[Opening TASK INPUT section]

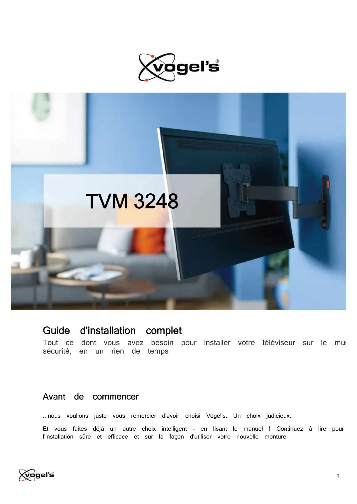 TVM 3248 Guide d'installation complet Tout ce dont vous avez besoin pour installer votre téléviseur sur le mur en toute sécurité, en un rien de temps Avant de commencer ...nous voulions juste vous remercier d'avoir choisi Vogel's. Un choix judicieux. Et vous faites déjà un autre choix intelligent - en lisant le manuel ! Continuez à lire pour tout savoir sur l'installation sûre et efficace et sur la façon d'utiliser votre nouvelle monture.2 Prenez soin de vous Attention Lisez toujours attentivement ces instructions de sécurité avant d'installer et d'utiliser ce produit. Il est strictement nécessaire de suivre ces instructions. Un montage incorrect et/ou une installation incorrecte peuvent vous mettre en danger, ainsi que votre téléviseur et votre famille. Ne prenez pas de risques... Lisez tout l Vogel's recommande que le montage et/ou l'installation de ce produit soient effectués par un expert dûment qualifié. l Vogel's ne peut être tenu responsable d'aucune blessure et/ou de dommages causés par une installation incorrecte. l Veuillez consulter le manuel de votre téléviseur et vous assurer que le poids et la taille du téléviseur sont conformes aux limites de poids et de taille maximales spécifiées pour ce produit, et que les boulons de montage du téléviseur utilisés sont d'une longueur et d'un diamètre appropriés. Notez que tous les accessoires de montage fournis ne sont pas nécessaires pour l'installation d'un seul téléviseur. l Les accessoires de fixation murale fournis sont exclusivement destinés à être installés sur des murs en briques pleines, en béton massif ou sur des colonnes en bois massif. l Tout matériau recouvrant le mur ne doit pas dépasser 3mm / 0,12 pouce. l Pour le montage sur des murs en d'autres matériaux, tels que des briques creuses, des panneaux de bois ou des plaques de plâtre, veuillez consulter votre installateur et/ou un fournisseur spécialisé. l Nettoyez le produit avec un chiffon sec non pelucheux. N'utilisez pas de détergents ou d'autres solvants pour nettoyer le produit. l Seul un personnel qualifié et certifié peut réparer le produit. N'utilisez que des pièces de rechange d'origine. L'utilisation d'autres pièces entraînera l'annulation de la garantie et pourrait entraîner des blessures. l Les altérations du produit et les modifications techniques ne sont pas autorisées. Cela annulera la garantie et pourrait entraîner des blessures. l Conservez toujours le produit dans un endroit sec et sûr, à une température comprise entre - 10°C et 50°C. l Manipulez et transportez le produit avec soin. l Reconditionnez le produit lorsque vous le transportez ou ne l'utilisez pas pendant une longue période.3 l Vous devez soulever votre téléviseur à deux. Ne soyez pas téméraire! Qu'y a-t-il dans votre boîte? l Il manque quelque chose? Assurez-vous que rien ne manque dans votre emballage: A. Support mural B. Adaptateur D. Instructions de sécurité E. Boulons pour les bandes de fixation sur les téléviseurs (voir le contenu ci-dessous) F. Espaceurs G. Rondelles Ø 18mm H. Vis
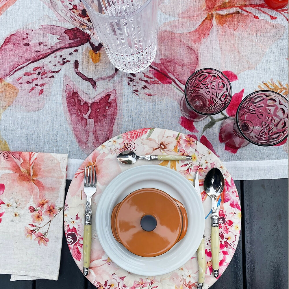 Camino de Mesa Hibiscus – Velo Organza (poliéster), estampado.
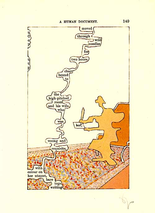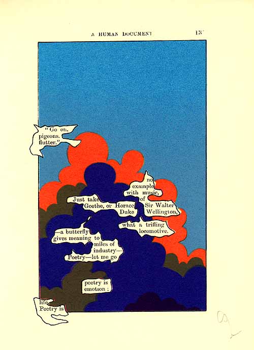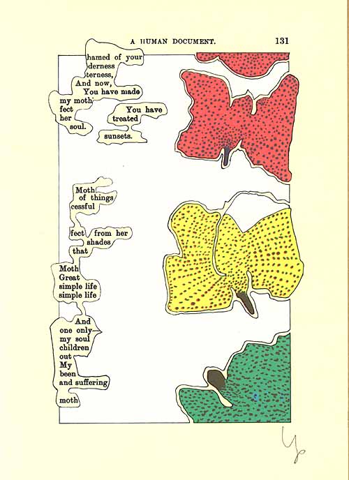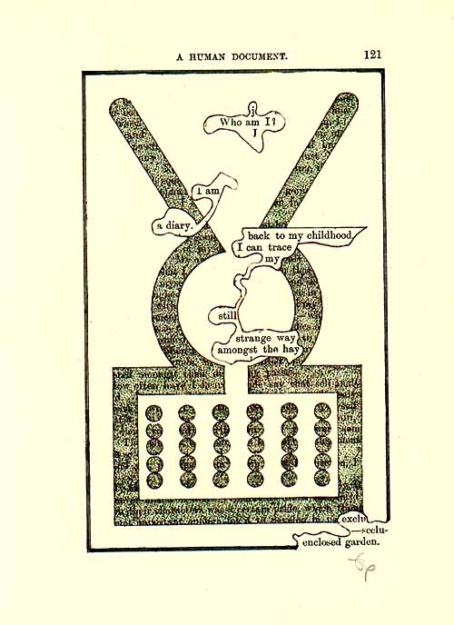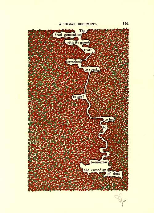 The artist plays Pygmalion with W.H. Mallock's A Human Document (1892). These pages from the first printed edition, London: Tetrad Press, 1970[-75]. See also: Pages 1-30 See also: Pages 31-60 See also: Pages 61-90 See also: Pages 91-120 These are: Pages 121-50 See also: Pages 151-180 See also: Pages 181-210 See also: Pages 211-240 See also: Pages 241-270 See also: Pages 271-300 See also: Pages 301-330 See also: Pages 331-360 See also: Pages 361-370 See also: www.humument.com |
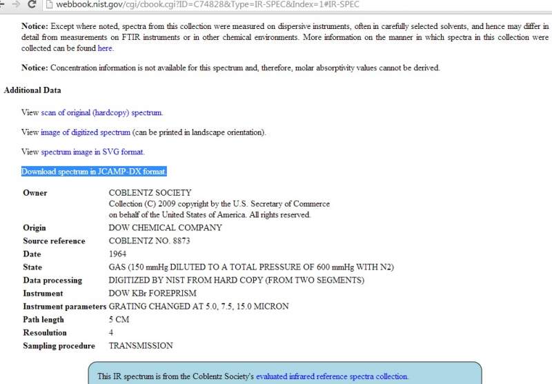 美国国家标准局 [高光部分 = 下载用链接] https://webbook.nist.gov/cgi/cbo ... amp;Index=1#IR-SPEC -------------------------- 美国国家标准局 - 放大图.jpg 美国国家标准局 - 资料来源 + 下载方法.jpg
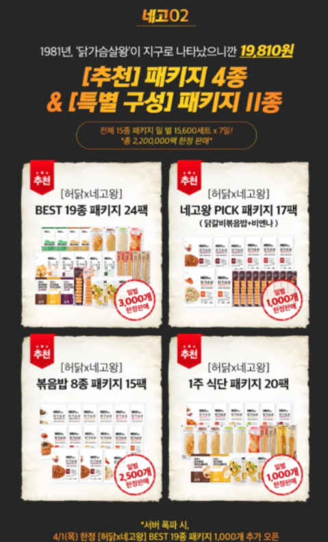세번째, 네고왕 패키지를 19,810원에 판매한다. 단, 하루 3,000개로 한정한다.
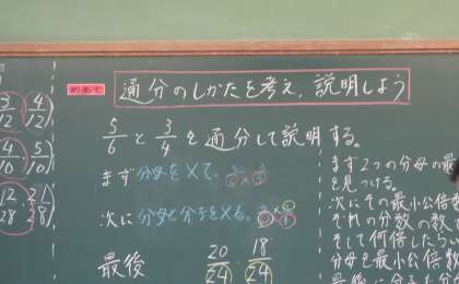 通分の学習です。分数のたし算やひき算の計算をする際に大事になってきます。どうしたら確実にスムーズにできるか,みんなで考えました。
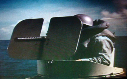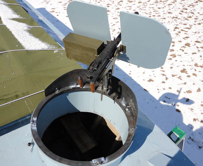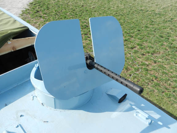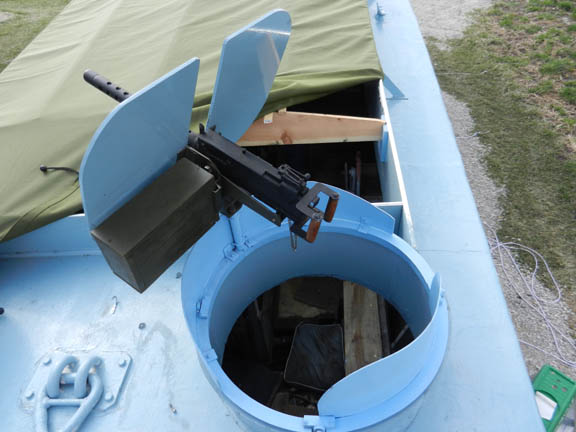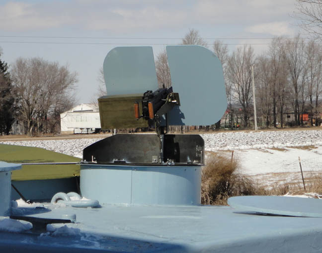 Reproduction Mark-21 US Navy gun mount with reproduction .30 cal. machine gun (rear view).

[Closing TASK INPUT section]

What you write must match, line for line, the records from the line containing "美国国家标准局 [高光部分 = 下载用链接]" through the last line, with every picture left out.

**TASK ANSWER**
 美国国家标准局 [高光部分 = 下载用链接] https://webbook.nist.gov/cgi/cbo ... amp;Index=1#IR-SPEC -------------------------- 美国国家标准局 - 放大图.jpg 美国国家标准局 - 资料来源 + 下载方法.jpg
세번째, 네고왕 패키지를 19,810원에 판매한다. 단, 하루 3,000개로 한정한다.
 通分の学習です。分数のたし算やひき算の計算をする際に大事になってきます。どうしたら確実にスムーズにできるか,みんなで考えました。
 Reproduction Mark-21 US Navy gun mount with reproduction .30 cal. machine gun (rear view).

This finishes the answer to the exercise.